Considering freshwater resources become scarcer in many places in the world, research on water saving irrigation strategies such as alternate partial root-zone drying (PRD) irrigation and deficit irrigation (DI) has received increased attention (Yan et al., 2012). DI is a method that irrigates the entire root zone with an amount of water less than the potential evapotranspiration, and the minor stress that develops has minimal effects on the yield (English and Raja, 1996). PRD is a further refinement of DI; it involves irrigating only part of the root zone, leaving the other part to dry to a predetermined level before the next irrigation (Davies et al., 2002).
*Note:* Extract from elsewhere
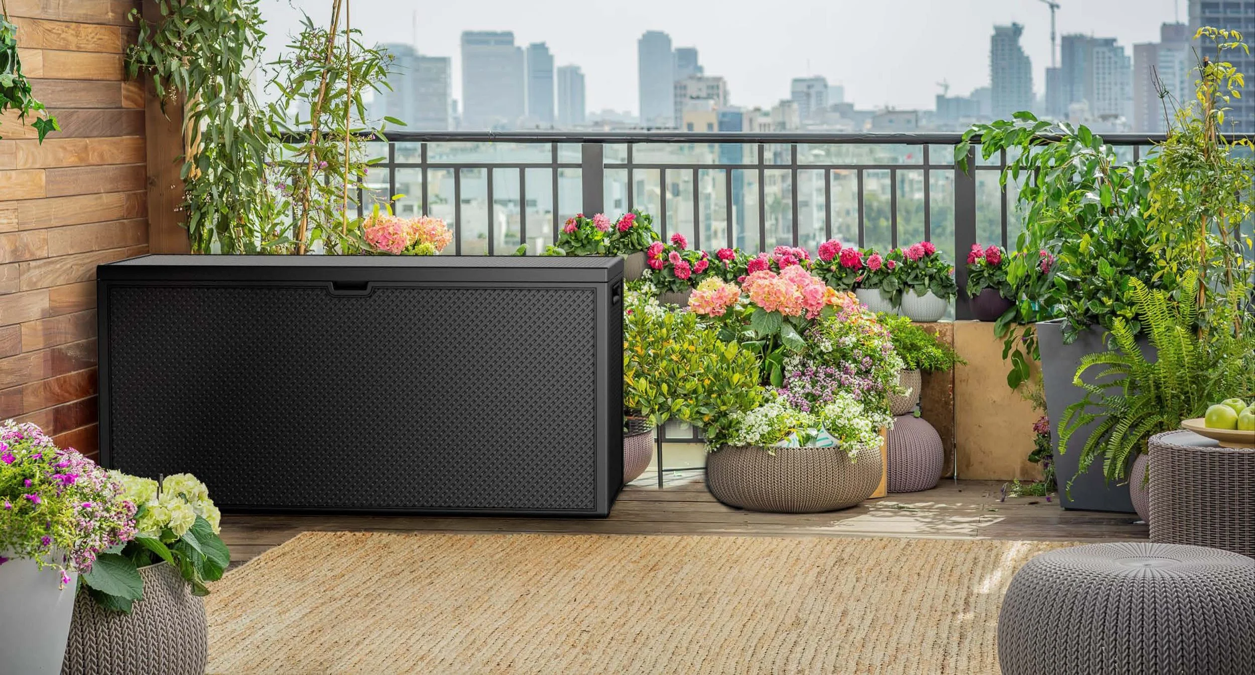 Die KETER Gartenbox „EMILY“ bietet geräumigen Stauraum für Sitzauflagen, Gartengeräte oder Spielzeug. Dank der wetterfesten und UV-beständigen Konstruktion bleibt der Inhalt geschützt – trocken und gleichzeitig gut belüftet. Ideal für Terrasse, Garten & Balkon.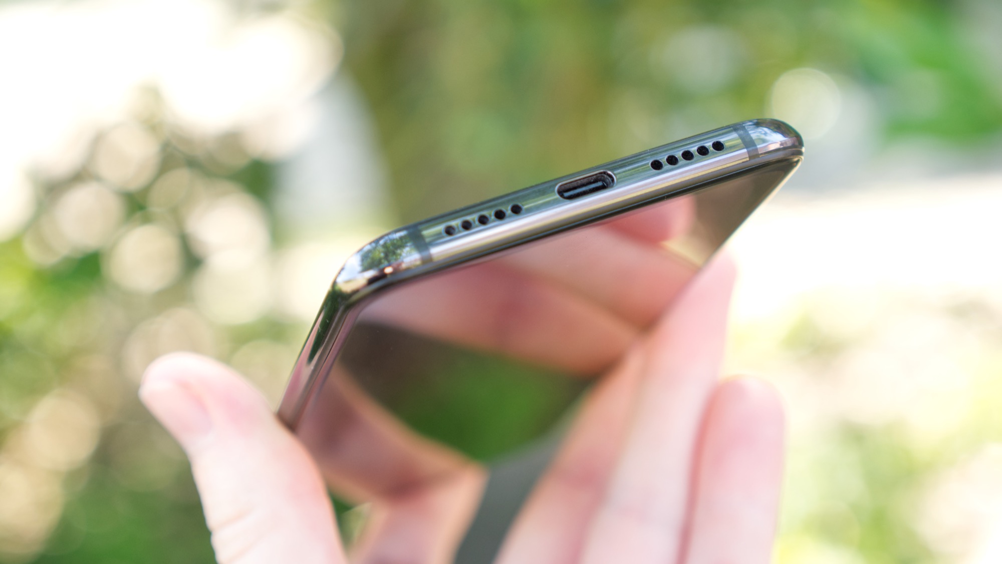 På vänster sida finns volymknappar och en SIM-kortshållare med plats för två nanoSIM-kort. Här finns ingen plats för ett microSD-kort. På ovansidan finns en sekundär mikrofon och på undersidan finns en USB Typ C-port, en mikrofon och högtalare. USB-porten har nu stöd för USB 3 för snabbare dataöverföring än tidigare, vilket alltid är uppskattat för bland andra videofilmare. Det finns alltså ingen hörlursport. OnePlus inkluderar inte heller någon hörlursadapter i lådan.

Both DI and PRD allow the induction of the abscisic acid (ABA)-based root-to-shoot chemical signals to regulate plant growth and water use hereby improving WUE (Sun et al., 2013). Distinct effects on g_s and WUE between the two irrigation regimes have frequently been noticed; however, it remains unknown whether different irrigation in combination with P-fertilization regimes affect stomatal morphologic characteristics in plants, and its implications in modulating crop WUE.

In the present study, potato plants were grown in split-root pots and the effects of different irrigation regimes and P-fertilization rates on SS and SD of the fully expanded upper canopy leaves were investigated. The objective was to analyse the associations between leaf physiochemical characteristics and stomatal morphology, which will be helpful in understanding the mechanisms by which changes of soil water and nutrient environments modify SS and SD in potatoes.